The Question :
Solve for real $x, y$ :
$$xy^2 = 15x^2 + 17xy + 15y^2$$
$$x^2y= 20x^2 + 3y^2$$
My initial attempts involved adding and subtracting the two equations, eliminating one variable, completing some squares and so on. But there was no significant progress as I soon reached a dead end.
The way I was actually able to solve this problem was somewhat unusual : I divided the equations to get $\frac {y}{x} = \frac{15x^2 +17xy + 15y^2}{20x^2 + 3y^2}$. Seemed a very hopeless start, but soon I realised that I could divide the numerator and denominator by $x^2$ on Right Hand Side of the equation, which allowed me to substitute $\frac {y}x= m$. Clearing the denominator, I obtained a cubic equation in $m$ which factored as $(m^2+1)(m-5)=0$. As $x$ and $y$ are real numbers, I rejected the $m^2 +1 = 0$ possibility and got $m=5$ and hence $y = 5x$. After using this relation, I finally got the ordered pair $(x,y) \equiv (19,95)$ as the solution.

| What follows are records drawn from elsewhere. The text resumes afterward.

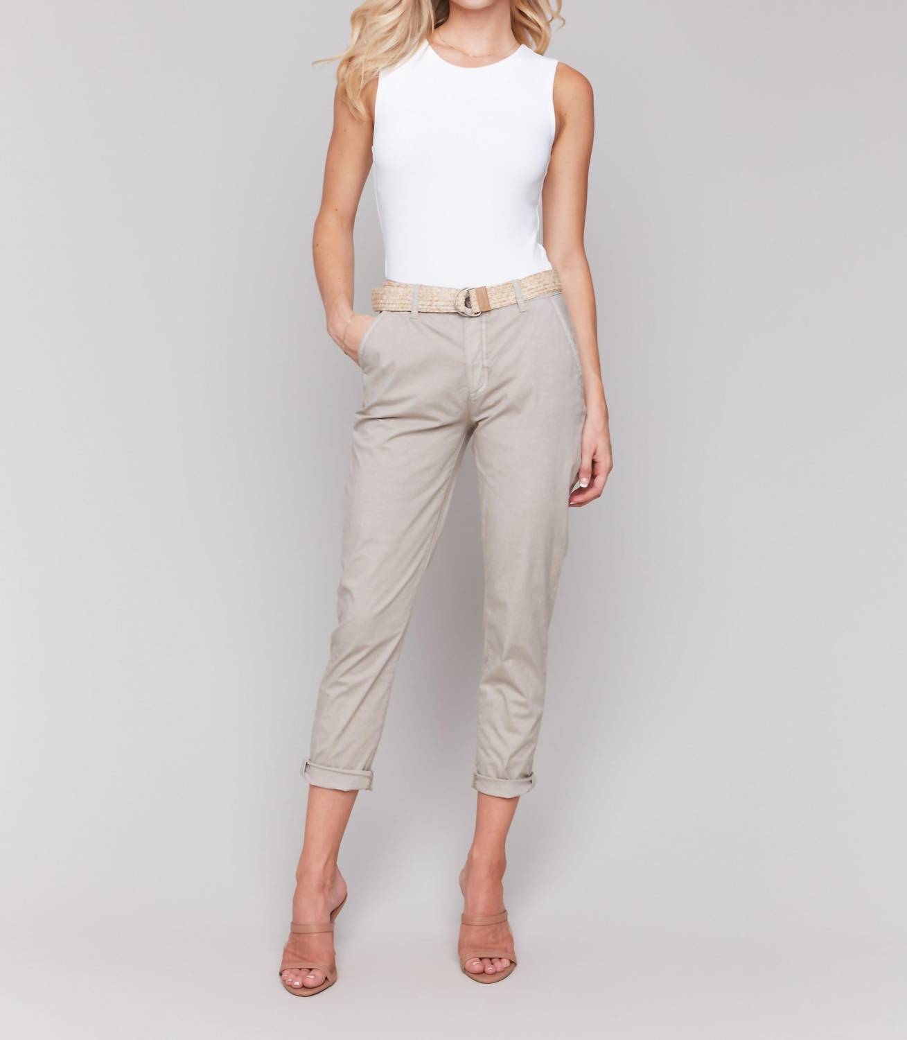 A perfectly tailored straight leg that you'll want in every color! Featuring a chic slim fit with a cropped design, these pants include a fashionable woven belt and practical front pockets. Crafted from a stretch cotton blend, they provide comfort and a flattering slim silhouette with a regular rise of 10.5 inches and an inseam of 28.5 inches. Machine wash.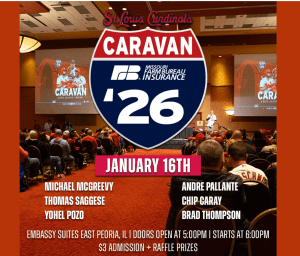 The Cardinals Caravan is making plans for the 2026 tour, which takes place Jan. 16 and 17.  The dates are the same time as the Winter Warm-Up in St. Louis at Busch Stadium and Ballpark Village– so there will be a lot of Cardinal baseball available to the collective Cardinal Nation. For info on the Winter Warm-Up, CLICK HERE.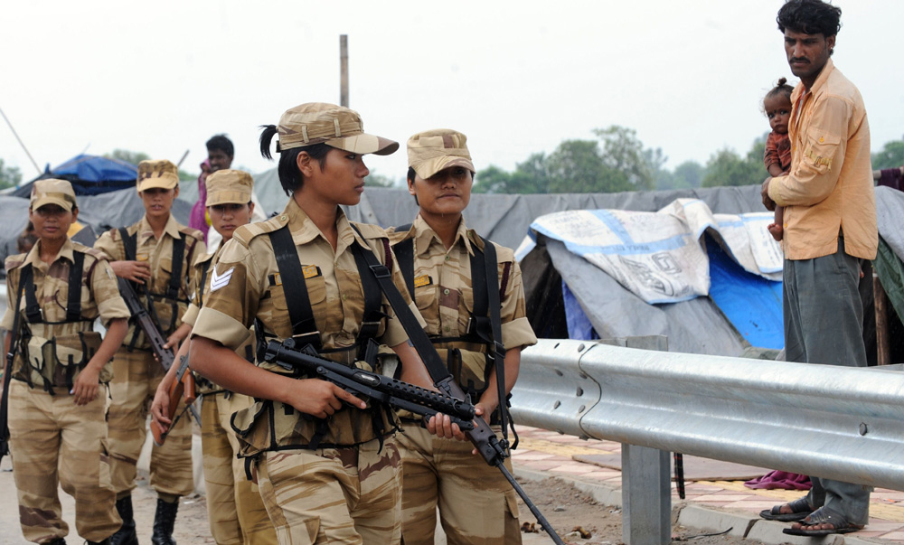 圖:印度警方在選手村附近加強巡邏,確保英聯邦運動會得以順利召開 法新社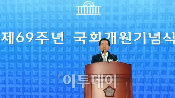 정세균 국회의장이 31일 서울 여의도 국회에서 열린 제69주년 국회개원기념식에서 축사를 하고 있다. 이동근 기자 foto@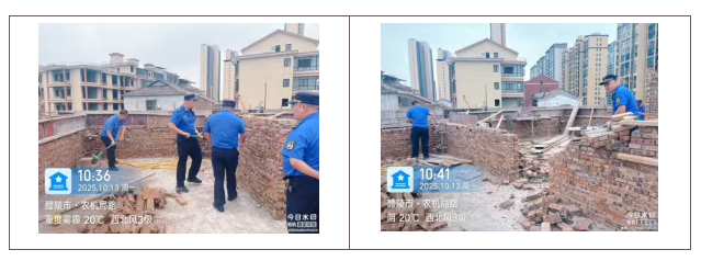 9月28日(国瓷网格):重点项目一中队联合街道执法力量,对国瓷大道一处未经审批、存在安全隐患的楼顶护栏,严格依照法定程序予以全部拆除,及时消除安全风险。

I feel that my method is very "robotic" and unnecessarily complicated. Is there any shorter, better, or more elegant way of solving this problem ? I am unable to find any other approach. Thanks in advance.
I think your method is fine. Over the complex numbers we obtain the solutions $$ (x,y)=(0,0),(19,95),(-17i,17),(17i,17), $$ by taking the resultant with respect to $y$, which is $$ 15x^4(x^2+17^2)(x-19)=0. $$